I am using the RunJobFlow command to spin up a Spark EMR cluster. This command sets the JobFlowRole to an IAM Role which has the policies AmazonElasticMapReduceforEC2Role and AmazonRedshiftReadOnlyAccess. The first policy contains an action to allow all s3 permissions.
When the EC2 instances spin up, they assume this IAM role, and generate temporary credentials via STS.
The first thing which I do is read a table from my Redshift cluster into a Spark Dataframe using the com.databricks.spark.redshift format and using the same IAM Role to unload the data from redshift as I did for the EMR JobFlowRole.
So far as I understand, this runs an UNLOAD command on Redshift to dump into the S3 bucket I specify. Spark then loads the newly unloaded data into a Dataframe. I use the recommended s3n:// protocol for the tempdir option.
This command works great, and it always successfully loads the data into the Dataframe.
I then run some transformations and attempt to save the dataframe in the csv format to the same S3 bucket Redshift Unloaded into.
However, when I try to do this, it throws the following error
java.lang.IllegalArgumentException: AWS Access Key ID and Secret Access Key must be specified as the username or password (respectively) of a s3n URL, or by setting the fs.s3n.awsAccessKeyId or fs.s3n.awsSecretAccessKey properties (respectively)
Okay. So I don't know why this happens, but I tried to hack around it by setting the recommended hadoop configuration parameters. I then used DefaultAWSCredentialsProviderChain to load the AWSAccessKeyID and AWSSecretKey and set via
spark.sparkContext.hadoopConfiguration.set("fs.s3n.awsAccessKeyId", <CREDENTIALS_ACCESS_KEY>)
spark.sparkContext.hadoopConfiguration.set("fs.s3n.awsSecretAccessKey", <CREDENTIALS_SECRET_ACCESS_KEY>)

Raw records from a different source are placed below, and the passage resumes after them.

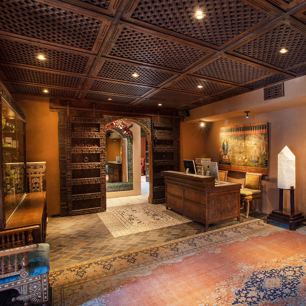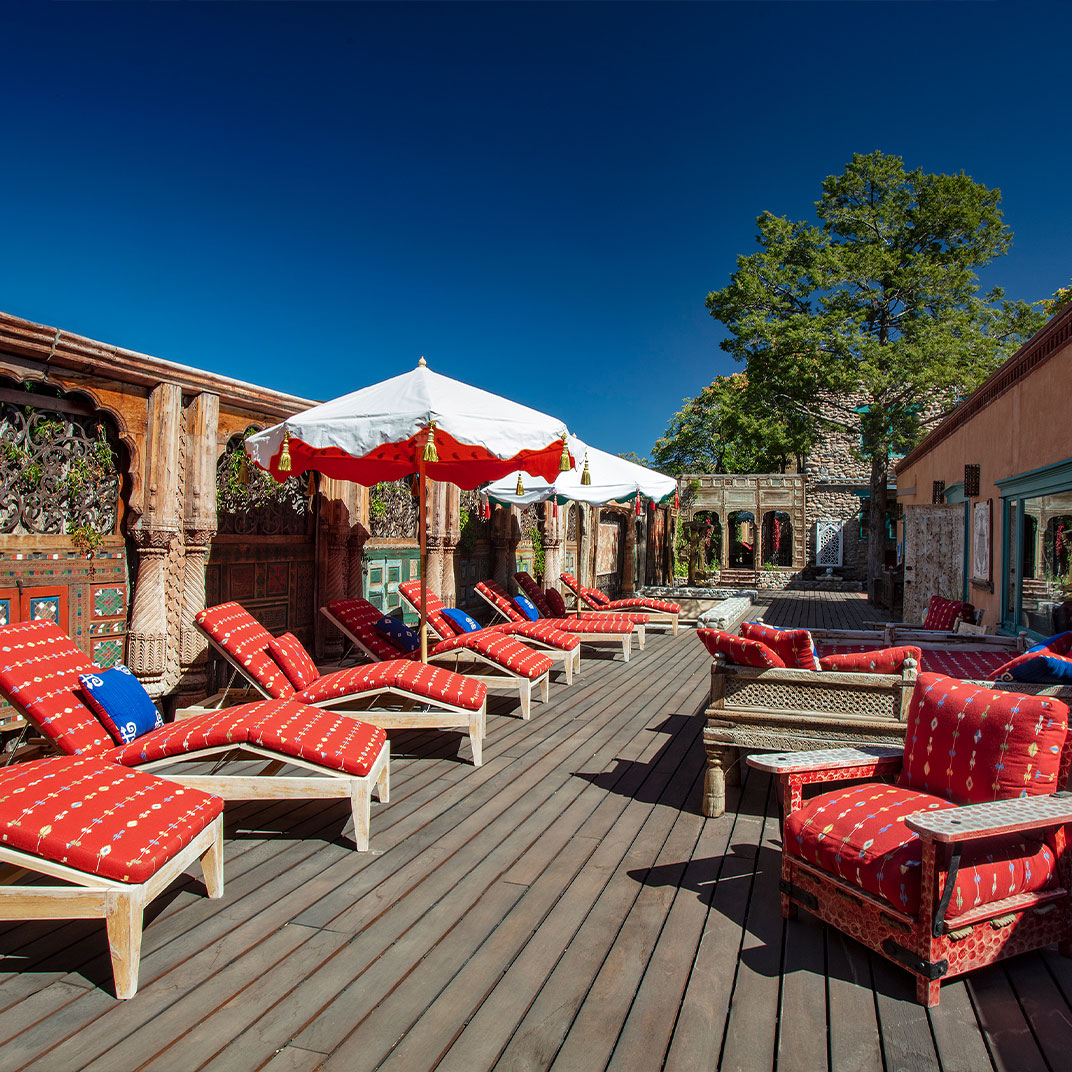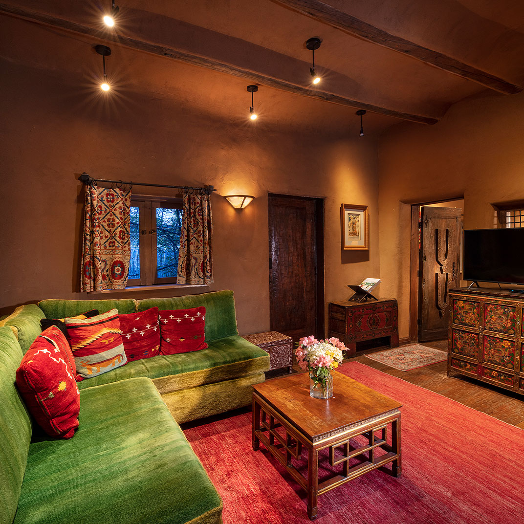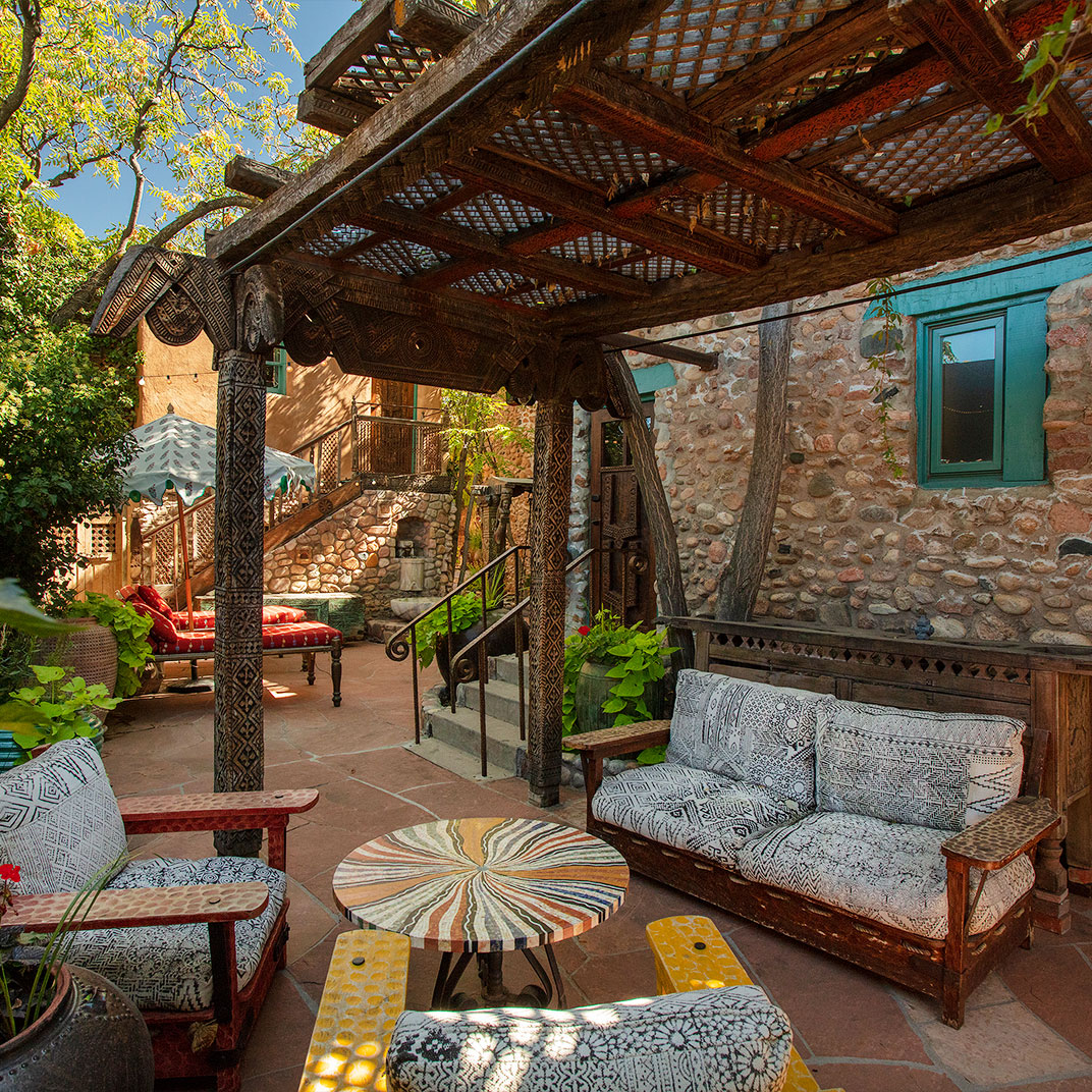 It’s hard to say what’s more notable about the Inn of the Five Graces — the one-of-a-kind setting in a series of restored adobe houses in Santa Fe’s Barrio de Analco, considered the oldest neighborhood in the United States, or the museum-worthy art collection the designer owners acquired over a lifetime of world travels. Rooms feature rustic exposed beams, artisan-crafted textiles, wood-burning fireplaces, and bathrooms lined in colorful mosaic, while suites, arranged around a cluster of quiet courtyards, are lavishly appointed with hand-carved wooden furnishings and soaking tubs framed by inlaid onyx, lapis, and jade. The spa takes inspiration from ancient Silk Road rituals, and a hidden passageway off the main patio leads to the Pink Adobe and the Dragon Room, a revitalized local dining institution and bar where Georgia O’Keeffe was once a regular.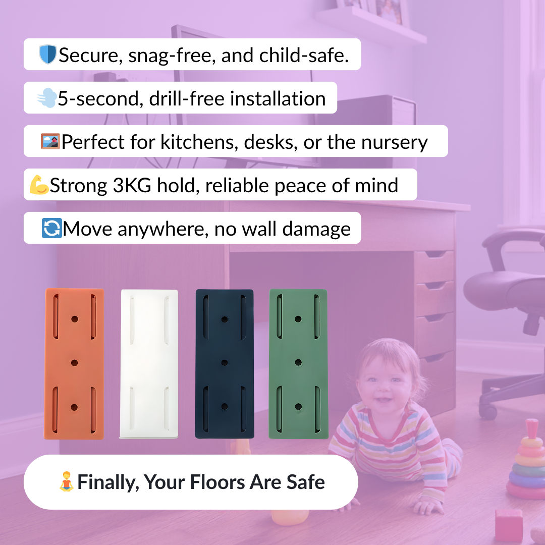 Uses a High-Traction Slide-and-Lock System that instantly clicks your power strip into a mounted base.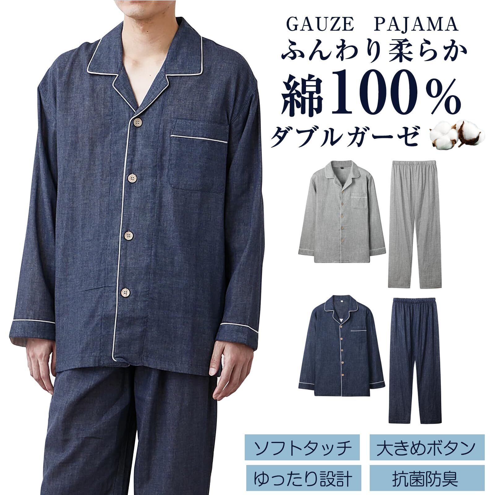 [レコーン] パジャマ メンズ 長袖 綿100% 二重ガーゼ 上下 セット ルームウェア 前開き ガーゼパジャマ 部屋着 肌に優しい 柔らか 吸汗通気 薄手 快適 おしゃれ 入院用 父の日 ギフト 春 夏 秋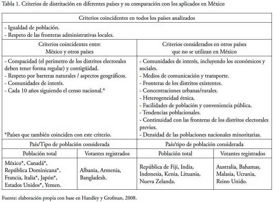 La Tabla 1 muestra el resumen de un análisis realizado a 60 países, incluyendo a México, en relación con los criterios que se aplican para la división de circunscripciones uninominales o distritos electorales, en él se hace una subdivisión de criterios de segundo orden y se identifican aquellos países coincidentes con México, así como de otro grupo que diverge; en ambos casos se señala la población objetivo.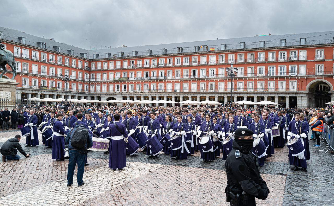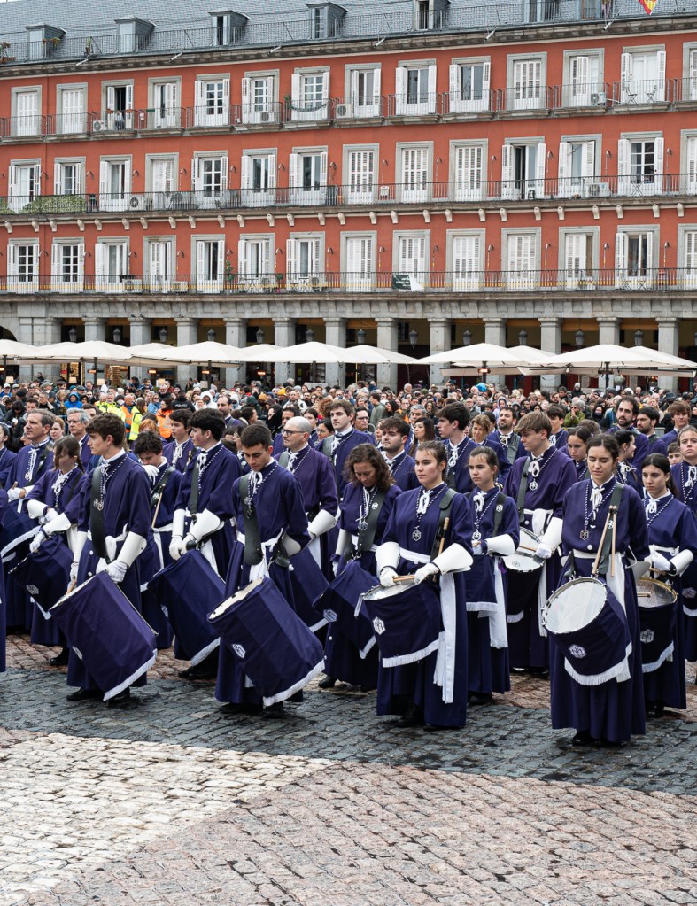 There was one last Semana Santa event that we wanted to see, La Tamborrada. La Tamborrada originated in the north of the county in San Sebastian in the early 1830’s. Its origin is a bit murky, but it’s said to have started with the locals making fun of Napoleon’s troops during the occupation of their city by standing along the roads and beating on cans and buckets to mock the daily military procession. Tambor means “drum” in Spanish and Tamborrada means “the beating of the drums.” Today the San Sebastian Tamborrada is the biggest in the world and takes place during Lent. The tradition has spread to other cities in Spain and the Madrid version celebrates Easter and the end of Semana Santa.

When I run it again it throws the following error:
java.io.IOException: com.amazon.ws.emr.hadoop.fs.shaded.com.amazonaws.services.s3.model.AmazonS3Exception: The AWS Access Key Id you provided does not exist in our records. (Service: Amazon S3; Status Code: 403; Error Code: InvalidAccessKeyId;
Okay. So that didn't work. I then removed setting the hadoop configurations and hardcoded an IAM user's credentials in the s3 url via s3n://ACCESS_KEY:SECRET_KEY#BUCKET/KEY
When I ran this it spit out the following error:
java.lang.IllegalArgumentException: Bucket name should be between 3 and 63 characters long
So it tried to create a bucket.. which is definitely not what we want it to do.
I am really stuck on this one and would really appreciate any help here! It works fine when I run it locally, but completely fails on EMR.
The problem was the following:
EC2 Instance Generated Temporary Credentials on EMR Bootstrap Phase
When I queried Redshift, I passed the aws_iam_role to theDatabricks driver. The driver then re-generated temporary credentials for that same IAM role. This invalidated the credentials the EC2 instance generated.
I then tried to upload to S3 using the old credentials (and the credentials which were stored in the instance's metadata)
It failed because it was trying to use out-of-date credentials.
The solution was to remove redshift authorization via aws_iam_role and replace it with the following:
val credentials = EC2MetadataUtils.getIAMSecurityCredentials
...
.option("temporary_aws_access_key_id", credentials.get(IAM_ROLE).accessKeyId)
.option("temporary_aws_secret_access_key", credentials.get(IAM_ROLE).secretAccessKey)
.option("temporary_aws_session_token", credentials.get(IAM_ROLE).token)
On amazon EMR, try usong the prefix s3:// to refer to an object in S3.
It's a long story.